Metric-Store Section

The most important configuration option is the retention-in-memory setting. It specifies for which duration back in time metrics should be provided. This should be long enough to cover common job durations. The memory-cap option sets the approximate maximum memory capacity in GB to use. The memory footprint scales with the number of nodes, the number of native metric scopes (cores, sockets), the number of metrics, and the memory retention time divided by the frequency.

The num-workers option controls the number of parallel workers used for checkpoint and archive I/O. Setting it to 0 (the default) enables automatic setup, capped at 10.

The cc-metric-store supports checkpoints and cleanup/archiving. Checkpoints are always performed on shutdown. To not lose data on a crash or other failure, checkpoints are written at regular intervals configured via checkpoints.interval (e.g. "12h"). The checkpoints.file-format option selects the persistence format: "json" (human-readable) or "wal" (binary Write-Ahead Log, crash-safe, default). See Checkpoint Formats below. Checkpoints that are not needed anymore can either be archived or deleted, controlled by the cleanup.mode setting (archive or delete). The cleanup runs at the interval specified in cleanup.interval.

Checkpoint Formats

The checkpoints.file-format field controls how in-memory data is persisted to disk.

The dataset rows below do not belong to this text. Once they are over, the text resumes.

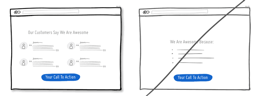 Social Proof (Kiểm chứng xã hội) là một chiến thuật thuyết phục tuyệt vời, áp dụng trực tiếp để tăng tỷ lệ chuyển đổi. Thấy người khác đang ủng hộ và nói tốt về bạn sẽ là một cách tuyệt vời để thúc đẩy lời kêu gọi hành động. Hãy để lại một vài lời phản hồi của khách hàng hay đưa ra các thông tin chứng thực nhằm chứng minh rằng những người khác cũng đã dùng sản phẩm của bạn.
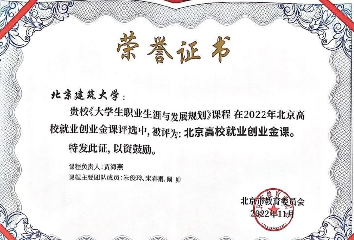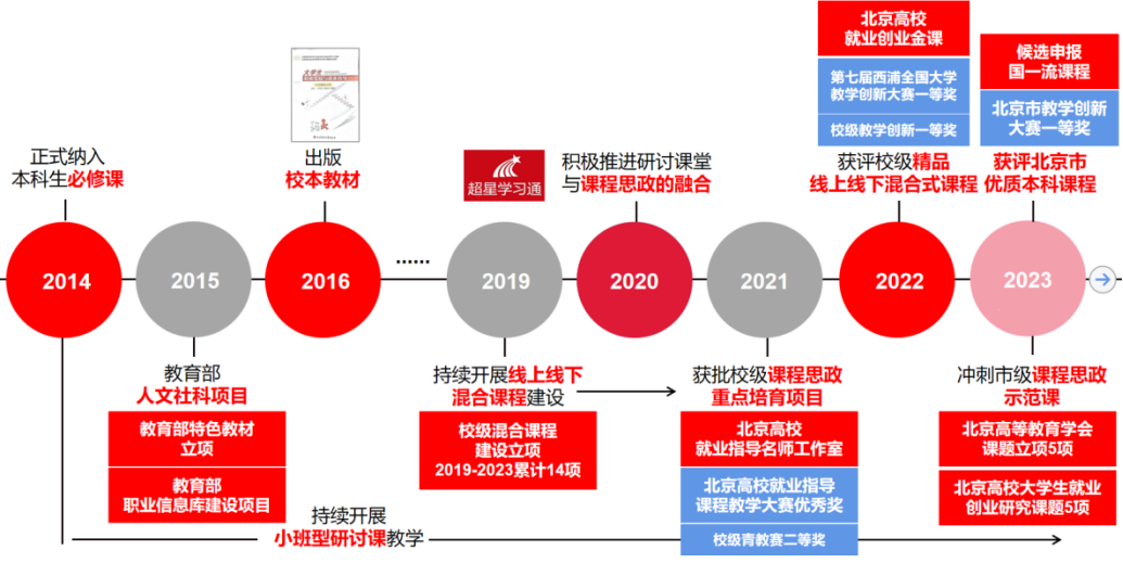 本课程先后出版教育部就业指导特色教材(2015),入选教育部就业创业典型案例(2020),获批北京高校就业指导名师工作室,课程思政重点培育项目(2021),首批入选北京高校就业创业指导金课,校精品线上线下混合式课程(2022),获批教育部全国高校毕业生就业能力培训基地,获评北京市优质本科课程(2023)。教育部学生服务与素质发展中心领导来校调研就业指导课程建设情况,给予高度肯定。
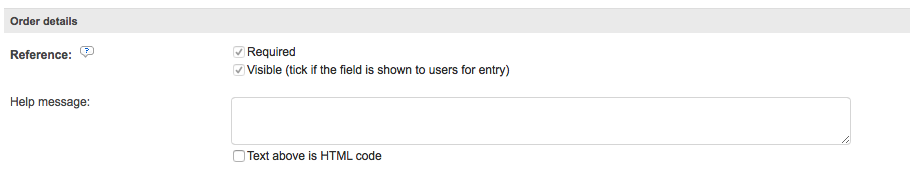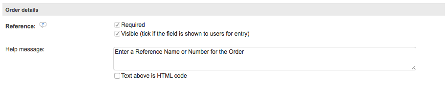 The Reference setting determines whether or not a client is able to enter a reference number or name for the order on the form. By default, this setting is set to required and made visible on the form. You may untick this option if it is not a requirement and leave it visible as an entry option (or) untick both setting choices to hide it on the order form. <need to verify this information>
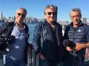 Das Duo rund um den Filmemacher Franz X. Gernstl vor der Skyline Manhattan.Bild: © BR/megaherz gmbh . Die Nutzung im Social Media-Bereich sowie inhaltlich andere Verwendungen nur nach vorheriger schriftlicher Vereinbarung mit dem BR-Bildmanagement
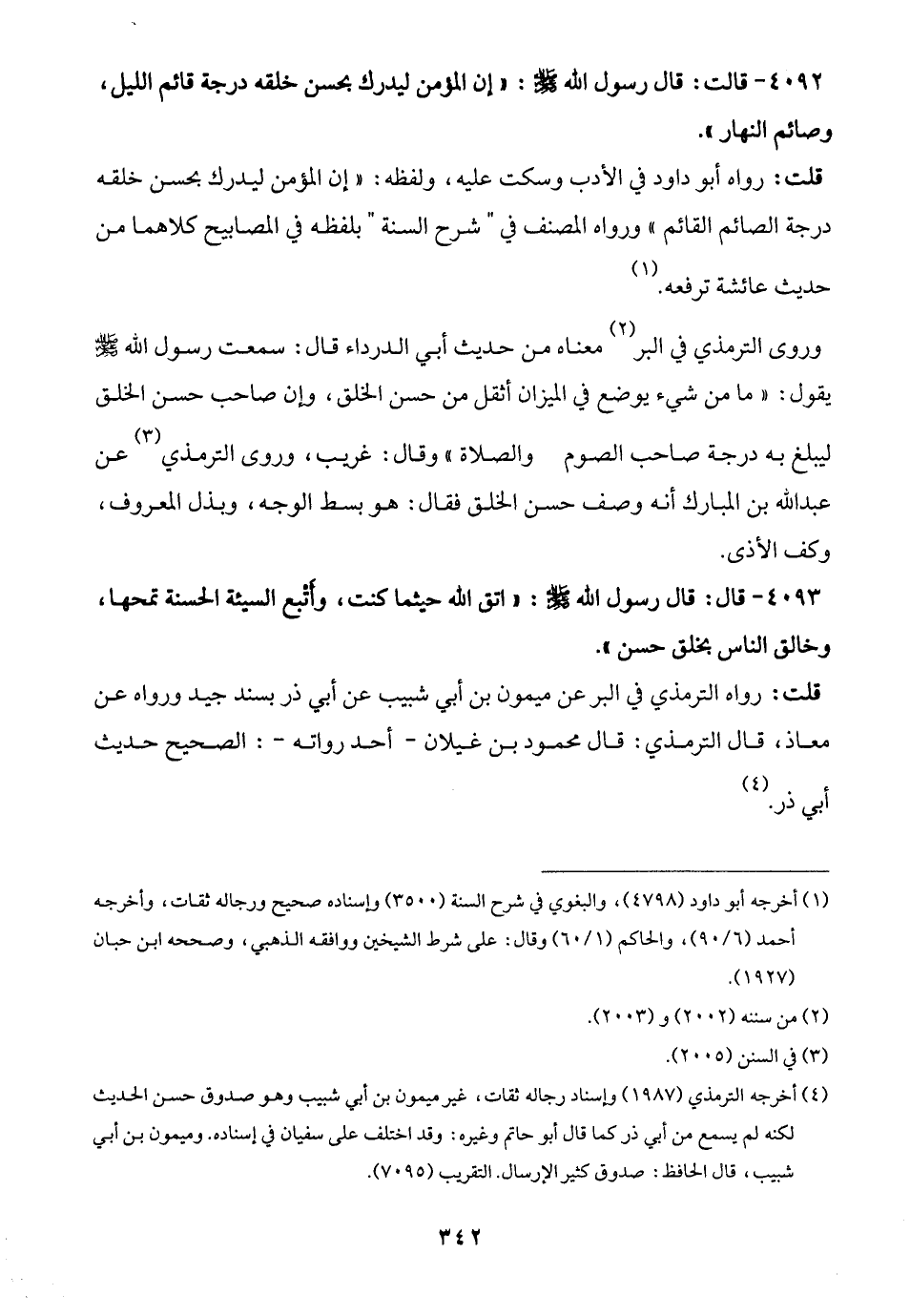 (¬4) أخرجه الترمذي (1987) وإسناد رجاله ثقات، غير ميمون بن أبي شبيب وهو صدوق حسن الحديث لكنه لم يسمع من أبي ذر كما قال أبو حاتم وغيره: وقد اختلف على سفيان في إسناده. وميمون بن أبي شبيب، قال الحافظ: صدوق كثير الإرسال. التقريب (7095).

"json" — Human-readable JSON snapshots written periodically. Each snapshot is stored as <dir>/<cluster>/<host>/<timestamp>.json. Easy to inspect and recover manually, but larger on disk and slower to write.

"wal" (recommended) — Binary Write-Ahead Log format designed for crash safety. Two file types are used per host:

  • current.wal — append-only binary log; every incoming data point is appended immediately. Truncated trailing records from unclean shutdowns are silently skipped on restart.
  • <timestamp>.bin — binary snapshot written at each checkpoint interval, containing the complete metric state. Written atomically via a .tmp rename.

On startup the most recent .bin snapshot is loaded, then remaining WAL entries are replayed on top. The WAL is rotated after each successful snapshot. The "wal" format will become the only supported option in a future release. If you are migrating from an older installation using JSON checkpoints, switch to "wal" after a clean restart.

Parquet Archive

When cleanup.mode is "archive", data that ages out of the in-memory retention window is written to Apache Parquet files before being freed, organized as:

<cleanup.directory>/
  <cluster>/
    <timestamp>.parquet

One Parquet file is produced per cluster per cleanup run, consolidating all hosts. Files are compressed with Zstandard and sorted by cluster, hostname, metric, and timestamp for efficient columnar reads.

Authentication

For authentication signed (but unencrypted) JWT tokens are used. Only Ed25519/EdDSA cryptographic key-pairs are supported. A client has to sign the token with its private key, on the server side it is checked if the configured public key matches the private key with which the token was signed, if the token was altered after signing, and if the token has expired. All other token attributes are ignored.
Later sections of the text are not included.